Advantage: none, I'm going for the obscure bonus points here. ;-) Well, that's not entirely true - this was actually quite enlightening to write and test on how to use [cpan://Net::FTP] to grab a file that I do not actually want to save to disk under its current name or even under any name. Disadvantage: really obscure for local files. A lot more code than is needed, plus the overhead of an FTP server that needs to be running.

I haven't covered the vast majority of trivial cases, but will let others do so. Also, if you have comments about pros/cons of any example, especially mine, please add that.
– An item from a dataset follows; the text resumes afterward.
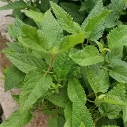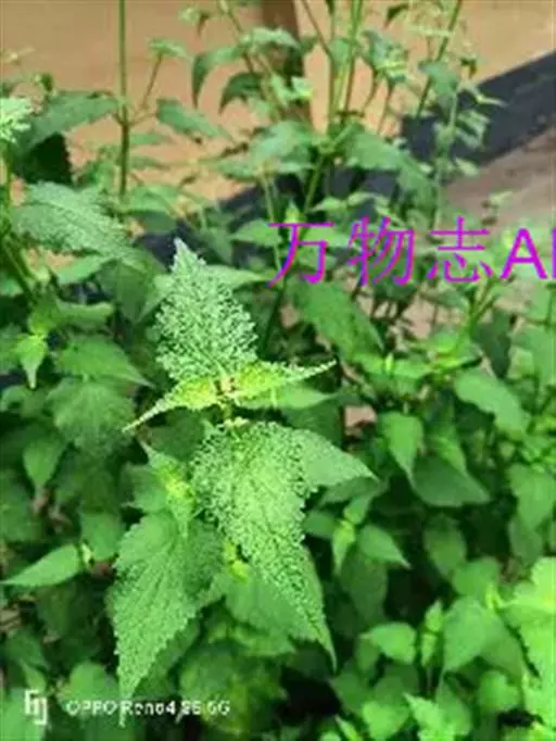 本品茎略呈方柱形,多分枝,枝条稍曲折,长30~1500px,直径0.2~17.5px;表面被柔毛:质脆,易折断,断面中部有髓;老茎类圆柱形,直径1~30px,被灰褐色栓皮。叶对生,皱缩成团,展平后叶片呈卵形或椭圆形,长4~225px,宽3~175px;两面均被灰白色绒毛;先端短尖或钝圆,基部楔形或钝圆,边缘具大小不规则的钝齿;叶柄细,长2~125px,被柔毛。气香特异,味微苦。

Re: TIMTOWTDI Challenge: Open a file
created: 2006-04-17 20:24:46

The [sysopen] call is sometimes useful for its full range of open modes, and the ability to set file permissions when the file is created.

sysopen FILEHANDLE,FILENAME,MODE,PERMS

If you fool around with that, use Fcntl;. That lets you take your program to another machine without worrying about differing numeric values for the system constants.

After Compline,
Zaxo

Re^2: TIMTOWTDI Challenge: Open a file
created: 2006-04-17 21:05:18
I use [doc://sysopen] when I want my scripts to play nicely with each other, and observe locking. eg:
use Fcntl qw(:DEFAULT :flock);

sysopen(OUT, $file, O_WRONLY | O_CREAT)
   or die "Cannot open $file for writing:$!\n";
flock(OUT, LOCK_EX)
   or die "Cannot get a lock on $file:$!\n";

(That example is pretty much straight out of the book)

Cheers,
Darren :)

Re: TIMTOWTDI Challenge: Open a file
created: 2006-04-17 20:36:36
I can mess with both files at once. :-)
system( "$^X -pl -e 's/foo/bar/g' $rfile $afile" );
Alternately, if I absolutely have to provide an explicit iteration over the file, I could
exec "$0 $rfile $afile" unless @ARGV;
while (<>) {
    # Do whatever you want here.
}

My criteria for good software:
  1. Does it work?
  2. Can someone else come in, make a change, and be reasonably certain no bugs were introduced?
Re: TIMTOWTDI Challenge: Open a file
created: 2006-04-18 02:47:51

Here's one:

unshift @ARGV, $rfile;
while( <> ) {
  # ....
}

Or how about this:

use Tie::File;
tie my @array, 'Tie::File', $rfile or die;

Here's another variation on the @ARGV theme...

#!/usr/bin/perl -p
BEGIN{ 
    $rfile = 'myfile.txt';
    unshift @ARGV, $rfile;
}

Update:
By the way, I won't attempt to justify any of these abominations other than to state the obvious; they're just for fun.


Dave

Re^2: TIMTOWTDI Challenge: Open a file
created: 2006-04-19 02:24:48

I'm pretty fond of the diamond operator and just feeding a filename to the script when it's called.

#!/usr/bin/perl

while (<>) {
    # do stuff
}

and . . .

$ script.pl filename

I guess it's the KISS principle applied to getting data from a file.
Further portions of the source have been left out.